Ratio are just figure, without any supported explanation, calculation and definition. Ratio take into account only financial perspective, other factors affecting the performance of the company are not taken into consideration. The ratios losses their importance over a period of years due to factors such as inflation. Let's discuss each of the above problems separately 1 Loss making Companies, even if a small limited company is incurring losses, it does not mean necessarily that the company is worthless, the owners of small business run the company for many other reasons other than. Such small companies do not intend to grow into larger companies as they are working just to maintain their particular life style. In the case of a public listed company, a loss may leave an adverse impact on its long term growth and investor, every company in order to survive in the long run need to be profitable (Reid and Smith, 2000).
Ratio, analysis, assignment, help
Critically discuss the the limitations of using the financial Ratio analysis. Financial Ratios are ratios computed by the mangers to evaluate the performance, progress and achievements of the company with other companies in the same industry. Financial ratios also help the investors, creditors, lenders, analyst and managers in critically analysing an investment opportunity and credit decisions. The ratios compare the risk and return of a firm with that of other firms, thus ratio analysis support inter firm comparison. Sondhi and dov fried, The Analysis and Use of Financial Statements, 3rd edn, wiley, 2003.111). A lot of research done in the past has shown that the performance of enterprises especially small and medium wallpaper sized enterprises can be evaluated through the use of financial ratios. This report is aimed at showing the use of financial ratios is not the best method of evaluation performance of companies due to the inherent limitations of ratio analysis. Drawbacks in using ratio analysis, when one uses the accounting and financial ratios as a method of assessing company's performance face the following problems: In case of a loss generating company, the ratios seem meaningless. The financial ratio are not uniform. There is no standard of ratios, there is no single definition of a correct ratio. The ratio can be manipulated easily according to the requirements of the presenter.
Lower operational costs, balance sheet as on March 31, 2009(Rupees in Cr). ParticularsAs atMarch 31,2009As of funds. Shareholders' funds, share and 13446.2511004.812441.4422.19, loan funds,.3718.2522.12121.21, deferred tax liabilities(NET) 103.05101.431.621.60. Total funds employeed 13589.6711124.492465.1822.16, application of funds, fixed assets, gross work in 3354.212830.27523.9418.51. Pre - operative expenses(pending alloca investments 5936.034509.331426.731.64, deferred tax assets.6546.94-43.29-92.22. Current assets, loans andadvances, interest Accrued on and Bank and 9247.147329.571917.5726.16, less: current liabilities andprovisions, current). Abstract, this paper is a critical analysis of two main issues, firstly, the limitations of ratio analysis and secondly the effect of credit crunch on the corporate sector. The purpose of this paper is to find out the inherent limitations of ratio analysis and how the corporate sector suffered a setback from the credit crunch which started from us and hit the world globally. Question real one 50 marks, the financial ratios are ways of comparing and investigating the relationships between different pieces of financial information.

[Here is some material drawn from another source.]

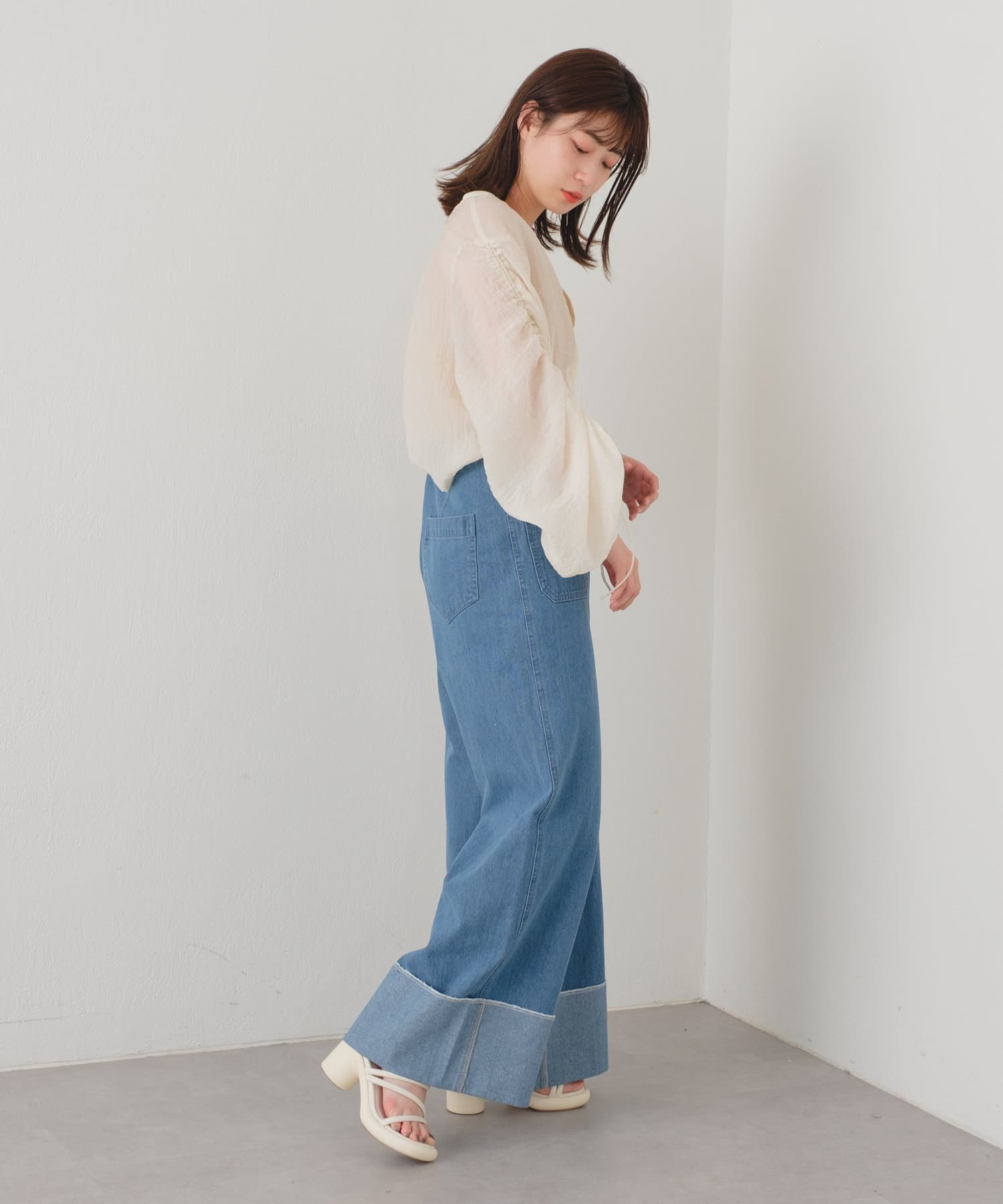 ショート丈なのでハイウエストボトムと相性抜群。

The current ratio is not the best indicator of company performance because it fails to take into account the composition of the current assets. The current cash debt coverage ratio provides a more clear illustration of company performance because net cash provided by operating activities encompasses the entire year versus a balance at a specific point. The current cash debt coverage ratio shows a gradual increase each year. Based off of the inventory turnover ratio, cvs was most efficient in inventory management in 2011. Similarly, the accounts receivable turnover rate, which measures the efficiency of a business in collecting credit sales, was also at its peak in 2011. Their increased credit sales is a general indicator of improvement in the process of cash collection on sales. Overall, cvs has shown improvement between 20Although the.
Financial, ratio, analysis - original Writing by lindas
Ratios are simply one number divided by another; as such they may or not be meaningful. In finance, ratios are usually two financial statement items that may be related to one another and may provide the prudent user a good deal of information. Of the myriad of ratios that could be generated, some will be more meaningful than others. Generally ratios are divided into four areas of classification that provide different kyi kinds of information: liquidity, turnover, profitability and debt. Company name: cvs, ratio, current ratio.56.60.43.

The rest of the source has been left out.